Painting tutorial for newbies : part 1 (paint and brushes)

” I painted miniatures and figures for over 10 years. Now, I work as a freelance miniatures modelling designer, specialized in scenery and dioramas…but I know 2 or 3 things on painting and customizing minis.

I’ll try to spread my knowledge with some tutorial and articles, first focused on a newbie approach, and later on “advanced” painting and customizing technics. So let’s start with the tools choice ! “

For painting, you will basically need two things : some paint and some brushes !


some minis' paint !

Personaly, I use classic miniature paints in most of the cases. These paints are acrylic (water) based, the advantages of it are obvious :

  • Odorless
  • fast drying
  • miscible with water
  • easy brushes cleaning (water)
  • huge ranges of colors

You can find a lot of brands for that; pricing and quality may vary, of course. I will not give you a complete brands list, or say “that brand is the best” :  I just can tell you what I personaly use every day.


This brand is quite huge. You will find basically 3 ranges of products : the GAME COLOR range, the MODEL COLOR range and the AERO range.  This 3 ranges are good for painting, but the game color is the cheapest range. The bottle design is very convenient too : you can measure one drop precisely.

PROS : the price, the bottle design, the number of references (especially if you add the 3 main ranges).

CONS : the paint bottle needs to be shaked and mixed a lot  before painting.


Very well known company, one of the biggest wargaming and miniature business of the world. Their painting range is really good, the paint is one of the best you can find, especially the metallic range. But it ‘s more expensive than some other brands…

PROS : quality of the paint (especially the metallic paints), huge range, easy to find.

CONS : the price


A company that only a few people know…but stills one of the best brands around. This company made the Citadel (games workshop) range in the 80’s. So you’ll find a great paint in that brand. The bottle design is one of the best too, and the price is really fair (the bottles are ones of the biggest in the hobby).

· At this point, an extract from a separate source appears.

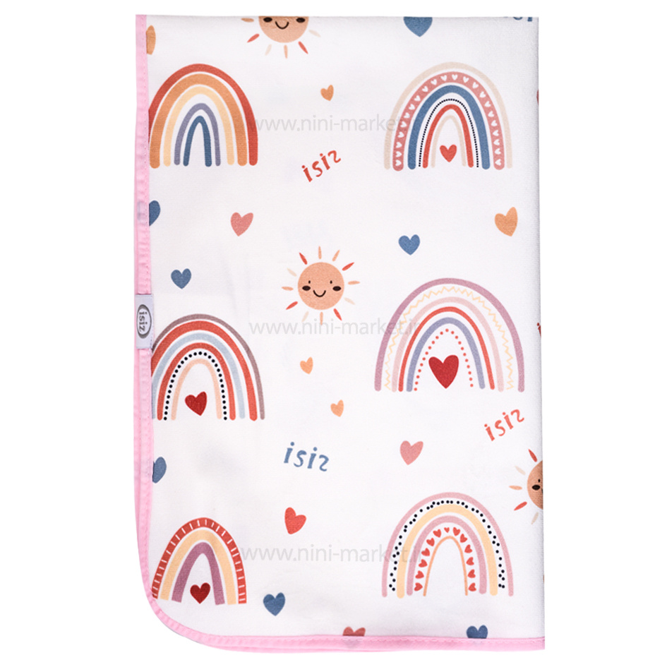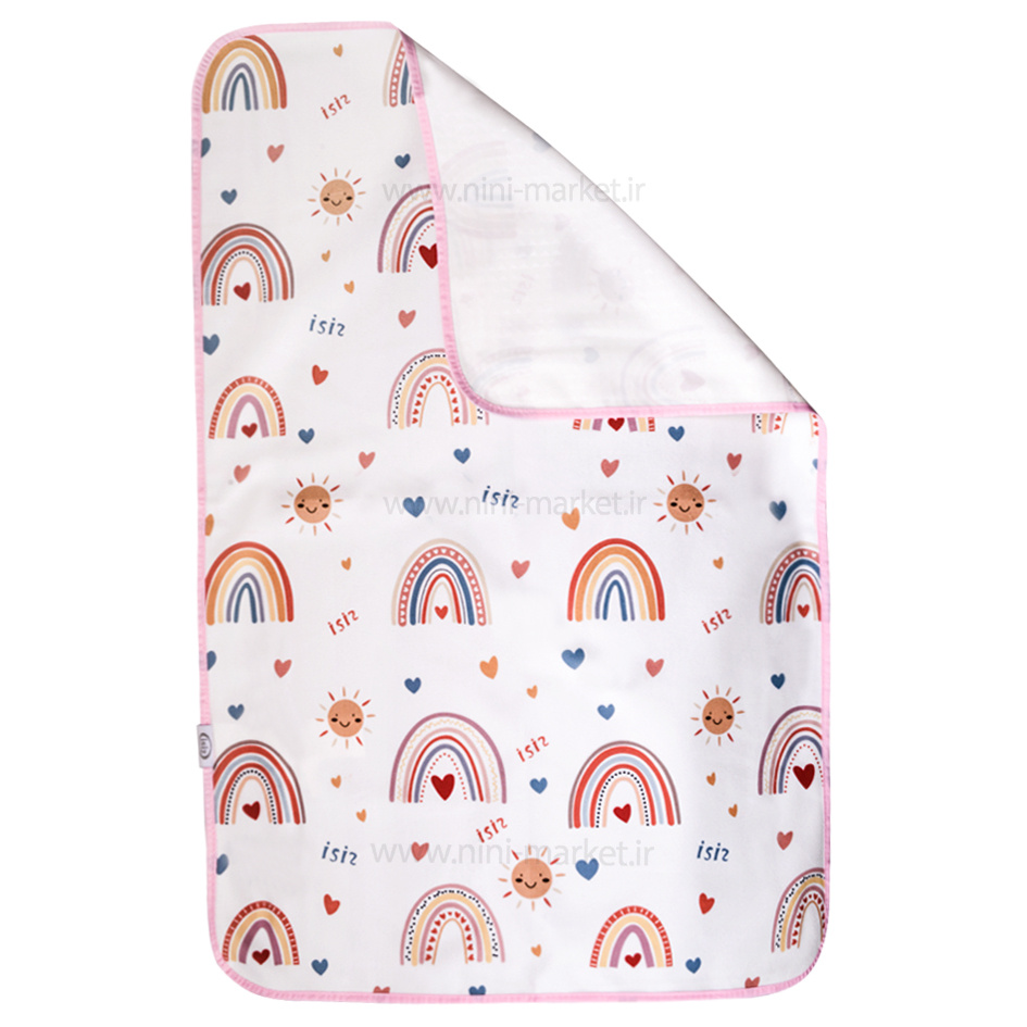 زیرانداز تعویض طرح رنگین کمان رنگ صورتی ایسیز  جنس رویه از پارچه نرم و لطیف می‌باشد و لایه زیرین از جنس مشمایی و ضد نم می‌باشد. این زیرانداز مناسب برای تعویض نوزاد یا زمان‌هایی که پوشک ندارد. زیرانداز تعویض قابل شستشو با دست می‌باشد و در طرح‌های زیبا و جذاب کارتونی و حیوانات تولید شده است همچنین دارای دوختی زیبا و مرتبی دارد و استفاده از آن ساده می‌باشد و به‌راحتی داخل کیف مادر قرار می‌گیرد.

PROS : the paint excellent (the best in gaming minis painting purpose?) quality, the big and very well designed bottles, the price (more expensive than VallejoGame Color, but the Coat d’arms bottle is bigger).

CONS : sometimes difficult to find (but you can find it on the famous auction website), the colors range is not as huge as other major brands.

You can find these brands on the famous auction website, or in specialized hobbies shops. Like I said before, other brands of great quality exists, like Andrea Color, Formula P3, etc…You can also use Artistic paint (Liquitex, for example) but you’ll have to mix it more with water to make it “minis friendly”.

Colors chart : search on official websites of these brands, or on Google : you’ll find usefull color charts to make your choices.

My point of view concerning solvant based paints :

I know some people use enamel paints too. Personaly I rarely use it, except for metallic painting (since enamel metal colors are better than acrylic), since solvant based paint smells, take a long time to dry, and attack the brushes faster, in my humble opinion.

Now…let’s talk about brushes !


Here the choices are easier. To paint minis, basically  you will need 2 brushes : one standard brush and a fine detail brush.

some brushes

What quality should I choose ?

You will find 2 types of brushes on the market : the synthetic ones, and the natural (Sable or Kolinsky Sable most of the time) ones. If you are on budget, or you don’t want to spend a lot of money to start, synthetic brushes are a good choice. For the price of  a good natural brush, you will be able to buy 2 or 3 good synthetic brushes.As a newbie, you will probably ruin some brushes before learning the good way to use it and take care of it too. So perhaps to start you don’t need a 20 USD Kolinsky brush…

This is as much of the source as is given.